Okay getting back to the switch in the return block.

>> The switch answers the question of where the control flow actually goes
>> after the return block runs.

Since control can reenter the coroutine at any point after coro.save
and before, I don't think there is any point where putting the switch can
help.

We already told the optimizer that we have three possible paths out of suspend:
return (first time), resume and destroy. It think it is as close to the
truth as we can get.

>> Another way to put it is that it should be possible to lower a coroutine
>> to a thread rather than performing the state machine transformation.

That is very good point! It is a great way to think about the semantics.

Unfortunately, I cannot avoid doing state machine transformation in general
case.

For the coroutines with "initial_suspend" point, i.e. it suspends before
entering user authored body, it is very easy.

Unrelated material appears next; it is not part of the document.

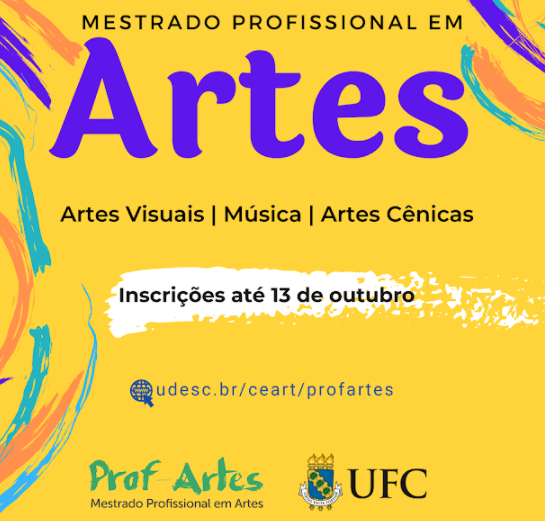 O programa Mestrado Profissional em Artes (PROF-Artes), do Instituto de Cultura e Arte da Universidade Federal do Ceará, associado à Rede Nacional PROF-Artes, está com inscrições abertas para o Exame Nacional de Acesso à nova turma, com ingresso no semestre 2022.1. As inscrições vão até as 23h59min do dia 13 de outubro.

  future<void> f(Params) { // <initial suspend point> at open curly
    char buf[N];
    ... fill buff with stuff
    await async_send(buf); // <suspend-point>
    ... do more
  }

Will be transformed into equivalent of:

  future<void> f(Params) {
    promise<void> prom;
    future<void> result = prom.get_future();

    std::thread([prom = std::move(prom), Params = std::move(params)] {
      char buf[N];
      ... fill buff with stuff
      BLOCK_WAIT async_send(buf); // block on event instead of suspend
      ... do more
    }).detach();

    return result;
  }

No state machine transformation whatsoever, just capture the parameters and
promise and good to go. [No need to involve llvm either :-) it is a simple
lambda like transformation that can be done easily in frontend]

What if we don't have an initial suspend point? That means that the
coroutine executes in the caller thread until it hits the suspend point.
Well, we need to build up a coroutine frame, we need to chop up the function
at coro.suspends. We need to put an index in a coro frame and a switch in an
entry block of resume and suspend (if more than one suspend point).

The only difference is what coro.suspend is replaced with:

In start: coro.suspend launches a thread and gives f.resume as a start
routine and a frame pointer as a context. So, f.resume will be executing
concurrently with f slowly finishing up and returning back to the caller.
(Btw, that is exactly the semantics we are trying to capture)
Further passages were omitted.